*EXERCISE GOAL*
Working through the data below, reproduce word for word the line with "Art materials canvases" and every line after it, both ends included, and omit the pictures.

*DATASET SECTION*

───

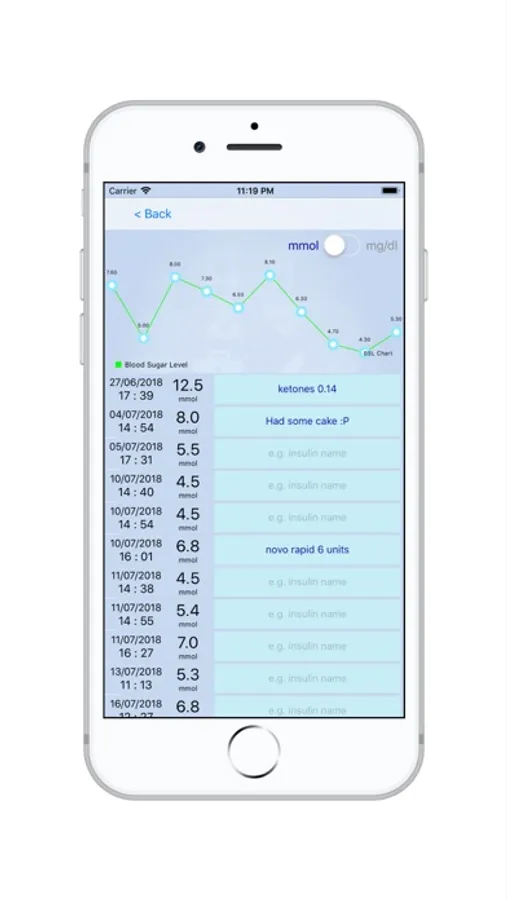 - Statistics: See your last 10 BSL records on a line chart to evaluate your average BSLs and sort out any abnormal fluctuations that could be the first indication of a poorly controlled Diabetes.
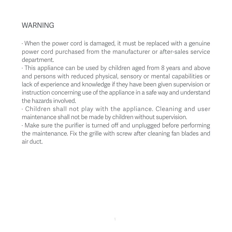 - Make sure the purifier is turned off and unplugged before performing the maintenance. Fix the grille with screw after cleaning fan blades and air duct.
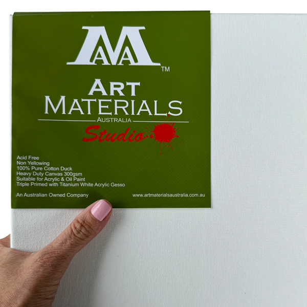 Art materials canvases 16×20″; Have you been searching for a canvas that isn’t a beginner but not a top-of-the-line artist-quality canvas? If so, the Art Materials Australia (AMA) Studio range is ideal. It is made from a dense 300 gsm heavy-weight 100% unbleached cotton duck fabric, making these Studio canvases an excellent surface for all paint and mixed media techniques. The cotton surface has no polyester and features a medium-toothed texture triple primed with a quality acid-free, non-yellowing gesso. The range of canvas has excellent archival qualities.
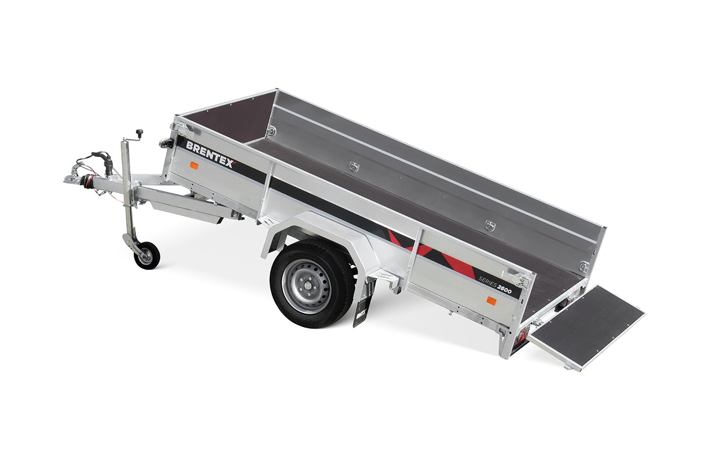 Piekabe BREN-2612-1P-1100 uz pilnībā cinkota, metināta rāmja ar bremzēm ir izgatavota no izturīga S355 konstrukciju tērauda.

───

*OUTPUT*
 Art materials canvases 16×20″; Have you been searching for a canvas that isn’t a beginner but not a top-of-the-line artist-quality canvas? If so, the Art Materials Australia (AMA) Studio range is ideal. It is made from a dense 300 gsm heavy-weight 100% unbleached cotton duck fabric, making these Studio canvases an excellent surface for all paint and mixed media techniques. The cotton surface has no polyester and features a medium-toothed texture triple primed with a quality acid-free, non-yellowing gesso. The range of canvas has excellent archival qualities.
 Piekabe BREN-2612-1P-1100 uz pilnībā cinkota, metināta rāmja ar bremzēm ir izgatavota no izturīga S355 konstrukciju tērauda.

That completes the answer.